§ EXERCISE DATA:
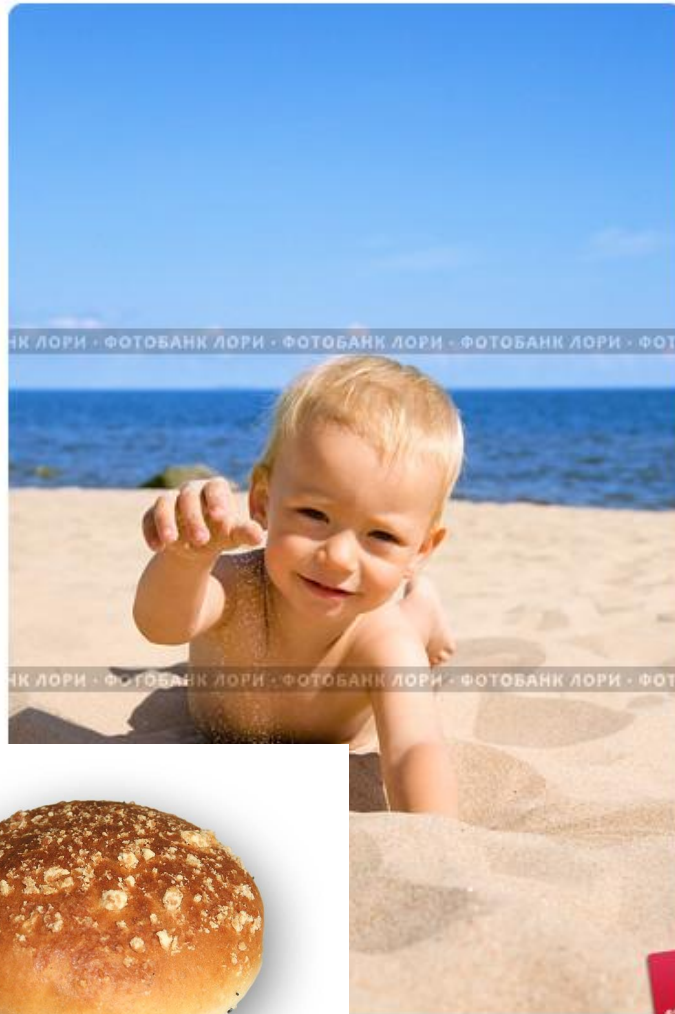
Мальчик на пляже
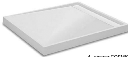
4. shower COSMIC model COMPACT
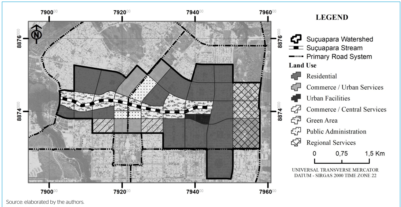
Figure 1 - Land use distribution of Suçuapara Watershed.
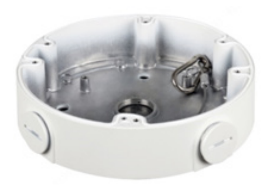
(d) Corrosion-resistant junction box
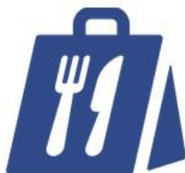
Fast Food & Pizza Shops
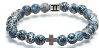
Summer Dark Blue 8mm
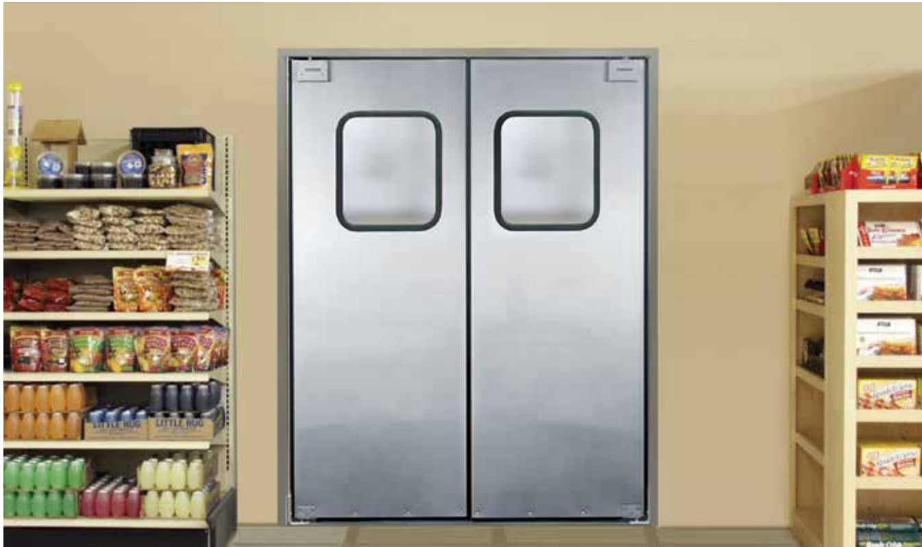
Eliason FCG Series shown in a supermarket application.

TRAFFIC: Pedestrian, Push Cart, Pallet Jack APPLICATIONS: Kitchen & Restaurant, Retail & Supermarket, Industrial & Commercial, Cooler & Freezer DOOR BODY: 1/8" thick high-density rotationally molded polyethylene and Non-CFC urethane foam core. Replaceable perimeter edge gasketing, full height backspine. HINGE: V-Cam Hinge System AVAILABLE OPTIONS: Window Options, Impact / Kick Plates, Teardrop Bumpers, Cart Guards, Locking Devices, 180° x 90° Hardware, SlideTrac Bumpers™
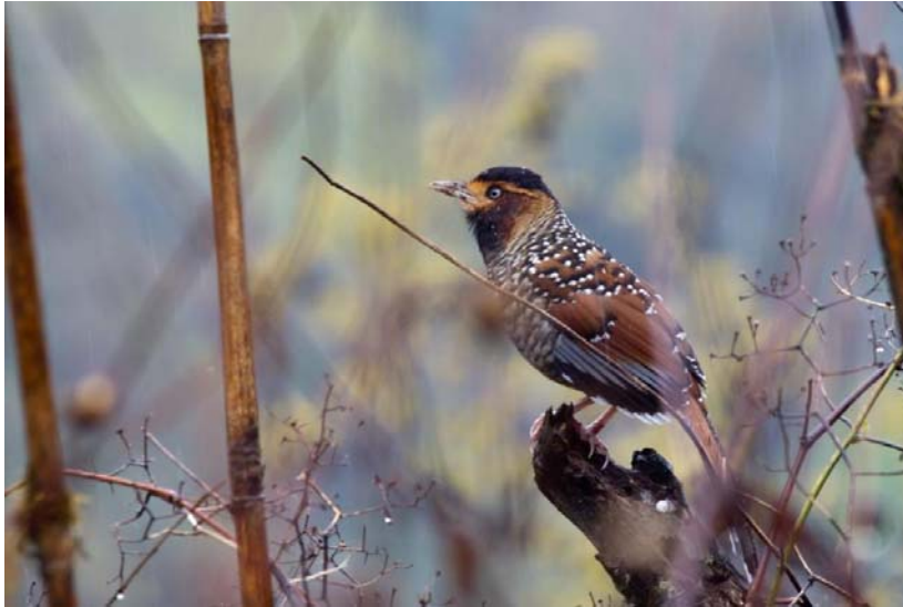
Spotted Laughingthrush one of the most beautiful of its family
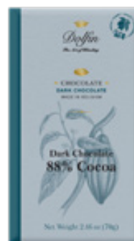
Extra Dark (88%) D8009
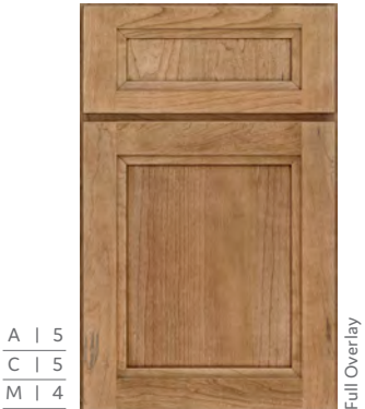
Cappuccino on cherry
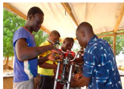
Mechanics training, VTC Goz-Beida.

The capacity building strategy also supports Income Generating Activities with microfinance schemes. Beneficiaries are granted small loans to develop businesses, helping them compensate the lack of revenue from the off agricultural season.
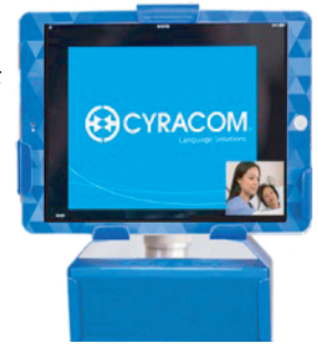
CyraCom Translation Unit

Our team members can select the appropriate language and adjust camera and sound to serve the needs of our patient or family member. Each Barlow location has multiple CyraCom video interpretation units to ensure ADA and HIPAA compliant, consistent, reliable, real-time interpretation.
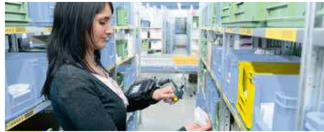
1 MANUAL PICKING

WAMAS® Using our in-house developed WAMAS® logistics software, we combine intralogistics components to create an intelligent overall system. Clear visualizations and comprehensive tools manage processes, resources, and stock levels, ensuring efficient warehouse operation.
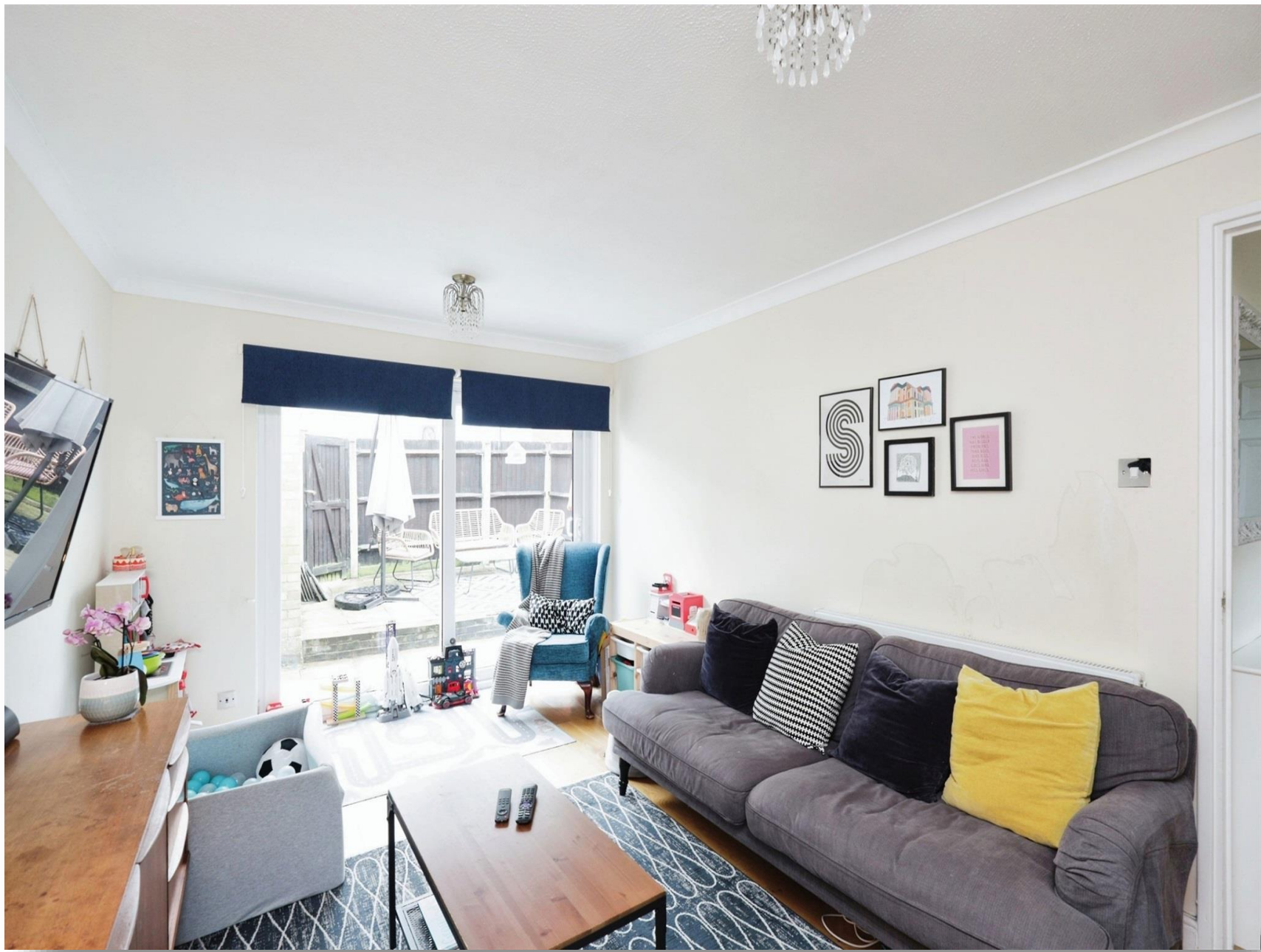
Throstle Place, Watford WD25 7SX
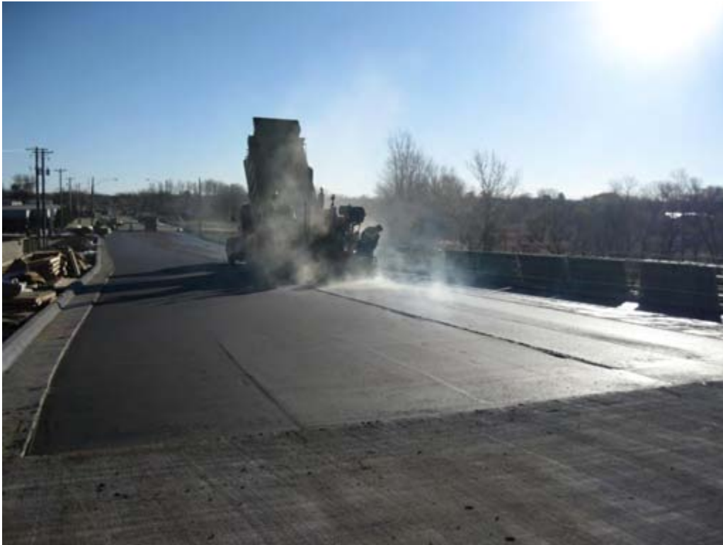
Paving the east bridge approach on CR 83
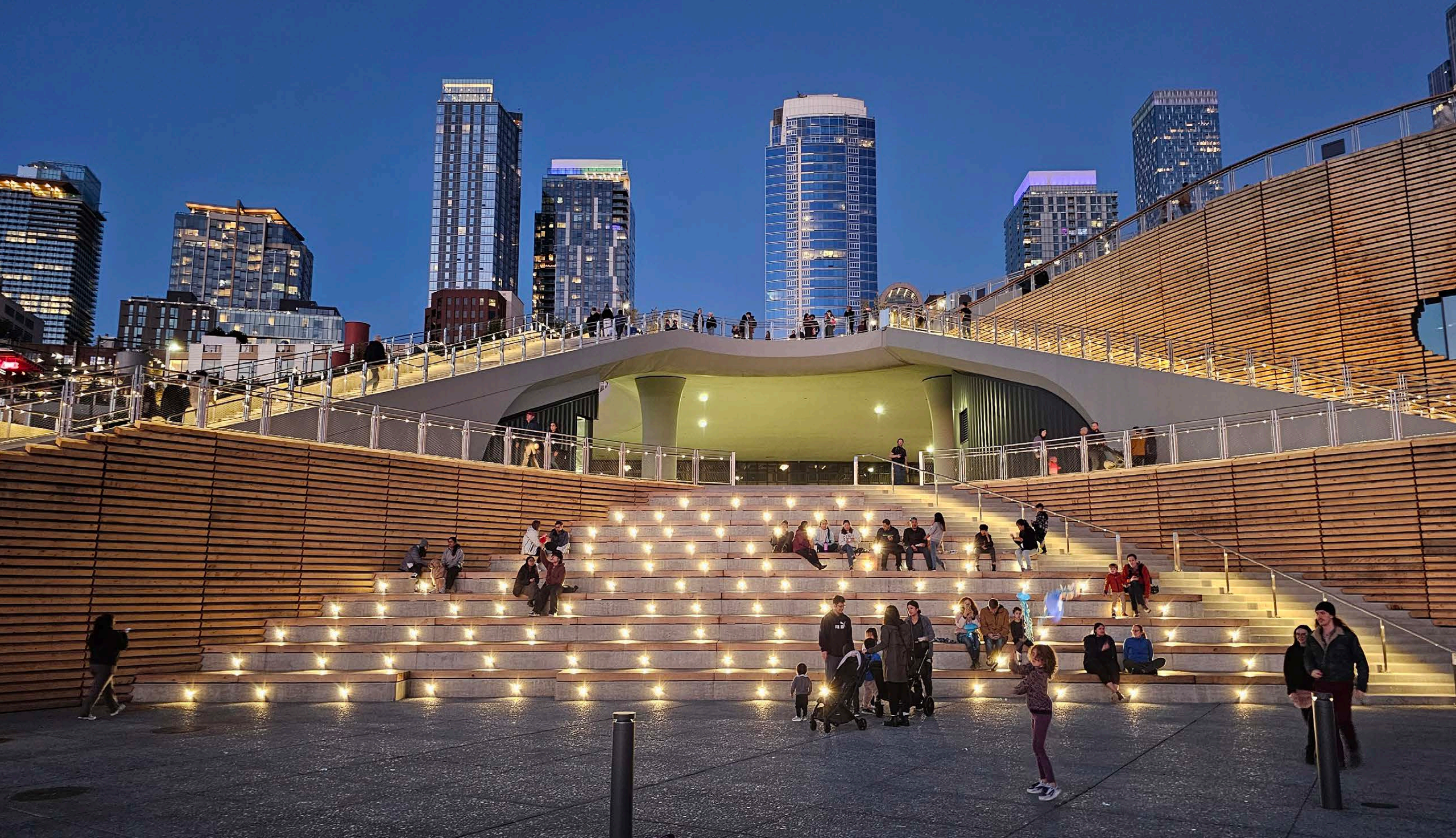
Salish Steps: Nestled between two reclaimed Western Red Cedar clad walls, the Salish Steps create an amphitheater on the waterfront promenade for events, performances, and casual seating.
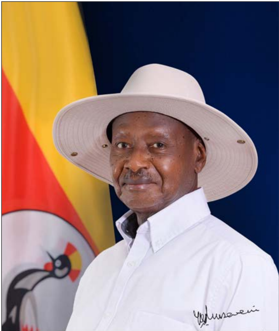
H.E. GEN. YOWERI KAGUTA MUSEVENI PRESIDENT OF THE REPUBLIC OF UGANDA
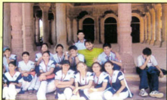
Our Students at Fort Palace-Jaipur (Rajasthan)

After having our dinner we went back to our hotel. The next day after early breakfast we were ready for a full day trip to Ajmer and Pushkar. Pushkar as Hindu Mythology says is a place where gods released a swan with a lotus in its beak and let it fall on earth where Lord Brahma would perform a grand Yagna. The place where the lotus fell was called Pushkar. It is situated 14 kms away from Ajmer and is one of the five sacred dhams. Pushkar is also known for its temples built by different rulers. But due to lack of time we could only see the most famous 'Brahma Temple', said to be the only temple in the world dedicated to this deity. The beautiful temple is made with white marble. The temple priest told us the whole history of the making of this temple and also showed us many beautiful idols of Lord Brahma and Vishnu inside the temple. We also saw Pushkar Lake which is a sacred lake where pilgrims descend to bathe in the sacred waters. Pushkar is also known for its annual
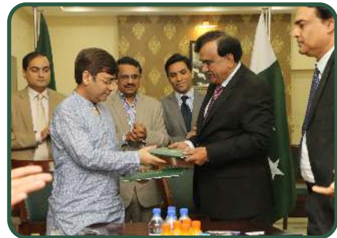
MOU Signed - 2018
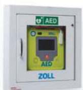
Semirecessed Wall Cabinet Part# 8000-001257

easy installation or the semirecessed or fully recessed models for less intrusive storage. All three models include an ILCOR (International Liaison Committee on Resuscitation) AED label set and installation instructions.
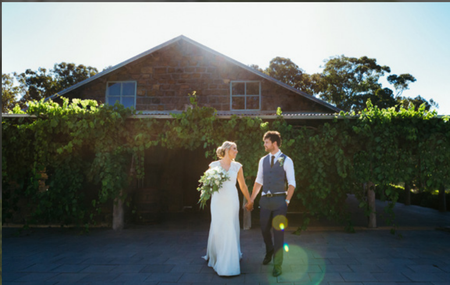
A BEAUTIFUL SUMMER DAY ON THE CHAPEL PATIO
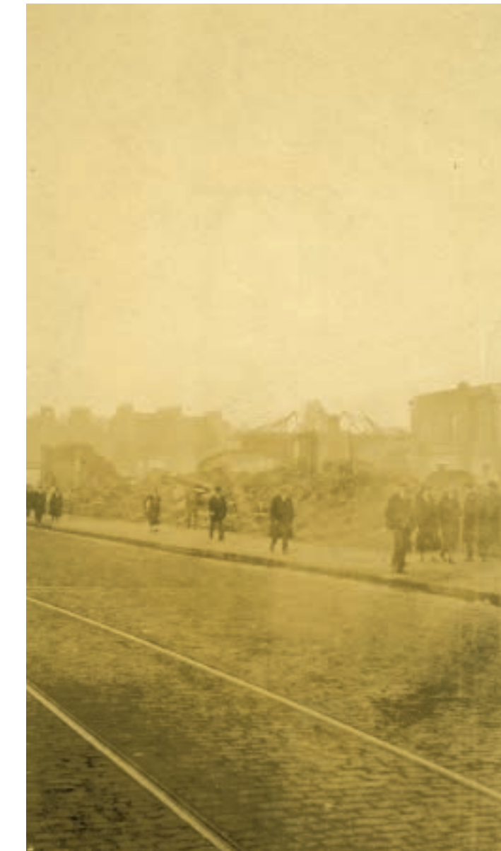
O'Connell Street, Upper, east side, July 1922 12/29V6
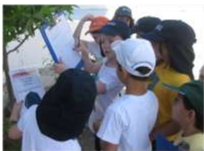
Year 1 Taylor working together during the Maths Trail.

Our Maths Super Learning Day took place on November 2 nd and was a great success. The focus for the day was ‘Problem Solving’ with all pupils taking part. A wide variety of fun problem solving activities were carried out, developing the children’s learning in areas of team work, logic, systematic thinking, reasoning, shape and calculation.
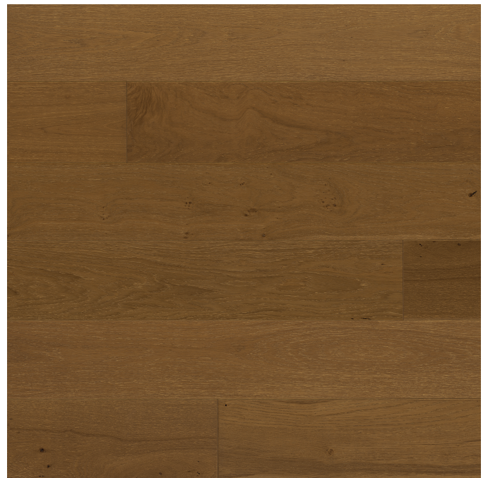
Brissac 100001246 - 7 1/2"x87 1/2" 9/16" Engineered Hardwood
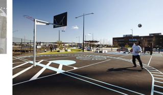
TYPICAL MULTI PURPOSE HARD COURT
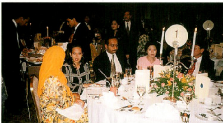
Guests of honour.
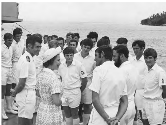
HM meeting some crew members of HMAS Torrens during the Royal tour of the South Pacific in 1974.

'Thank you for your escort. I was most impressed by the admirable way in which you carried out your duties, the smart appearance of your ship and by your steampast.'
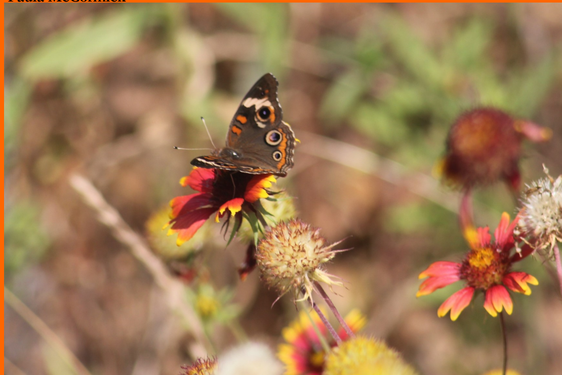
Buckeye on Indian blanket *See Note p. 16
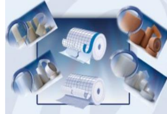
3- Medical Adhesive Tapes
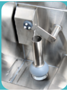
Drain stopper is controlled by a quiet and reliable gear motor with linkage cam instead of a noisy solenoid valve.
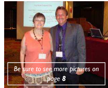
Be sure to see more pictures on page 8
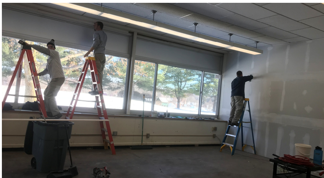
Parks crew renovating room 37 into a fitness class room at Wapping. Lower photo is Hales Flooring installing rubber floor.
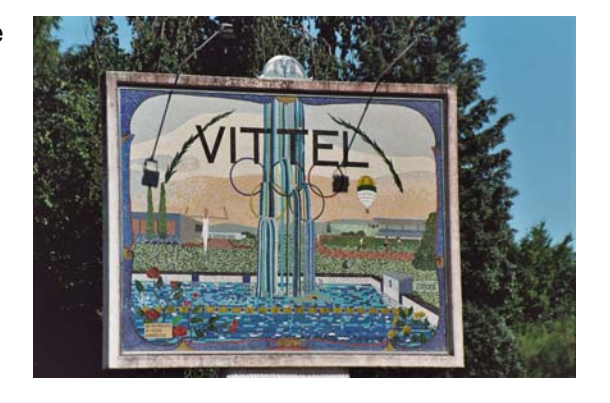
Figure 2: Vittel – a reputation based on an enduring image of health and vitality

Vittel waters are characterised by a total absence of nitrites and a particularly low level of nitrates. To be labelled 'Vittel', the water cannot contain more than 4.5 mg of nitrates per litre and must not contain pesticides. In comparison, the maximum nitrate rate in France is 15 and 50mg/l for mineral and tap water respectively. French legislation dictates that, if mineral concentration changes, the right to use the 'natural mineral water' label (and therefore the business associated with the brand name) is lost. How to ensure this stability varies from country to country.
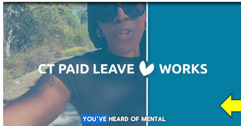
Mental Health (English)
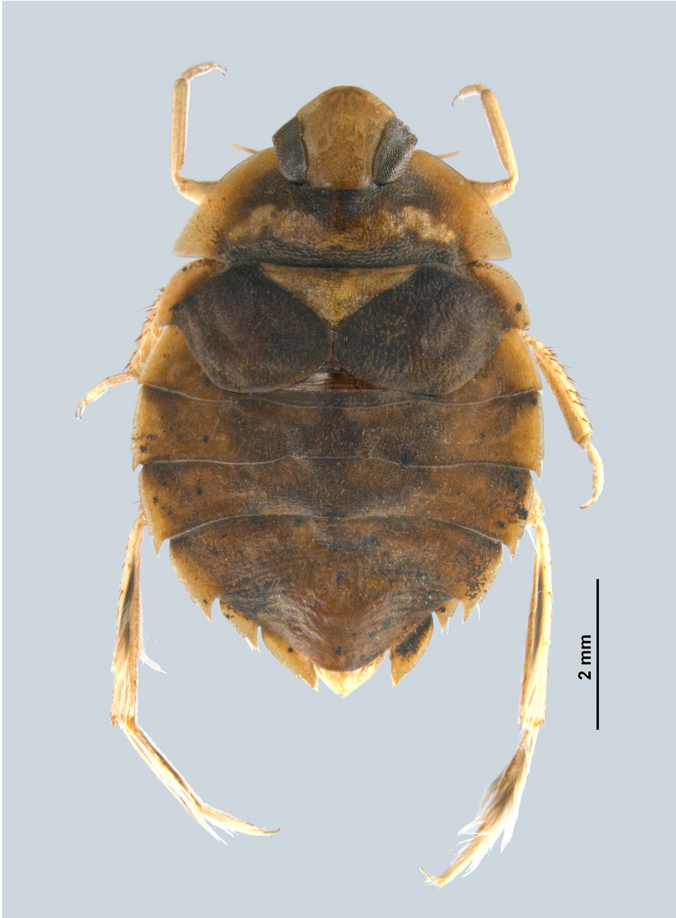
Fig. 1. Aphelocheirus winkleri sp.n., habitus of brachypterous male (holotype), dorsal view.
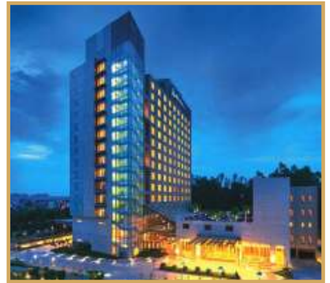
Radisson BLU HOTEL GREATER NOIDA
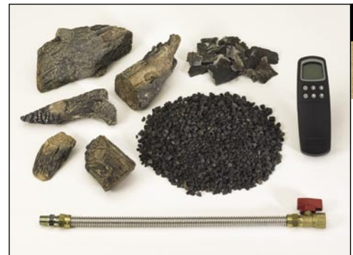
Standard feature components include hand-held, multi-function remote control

§ ABOUT THIS EXERCISE:
Copy out all lines above that include the string "ensure".

§ RESPONSE AREA:
Our team members can select the appropriate language and adjust camera and sound to serve the needs of our patient or family member. Each Barlow location has multiple CyraCom video interpretation units to ensure ADA and HIPAA compliant, consistent, reliable, real-time interpretation.
Vittel waters are characterised by a total absence of nitrites and a particularly low level of nitrates. To be labelled 'Vittel', the water cannot contain more than 4.5 mg of nitrates per litre and must not contain pesticides. In comparison, the maximum nitrate rate in France is 15 and 50mg/l for mineral and tap water respectively. French legislation dictates that, if mineral concentration changes, the right to use the 'natural mineral water' label (and therefore the business associated with the brand name) is lost. How to ensure this stability varies from country to country.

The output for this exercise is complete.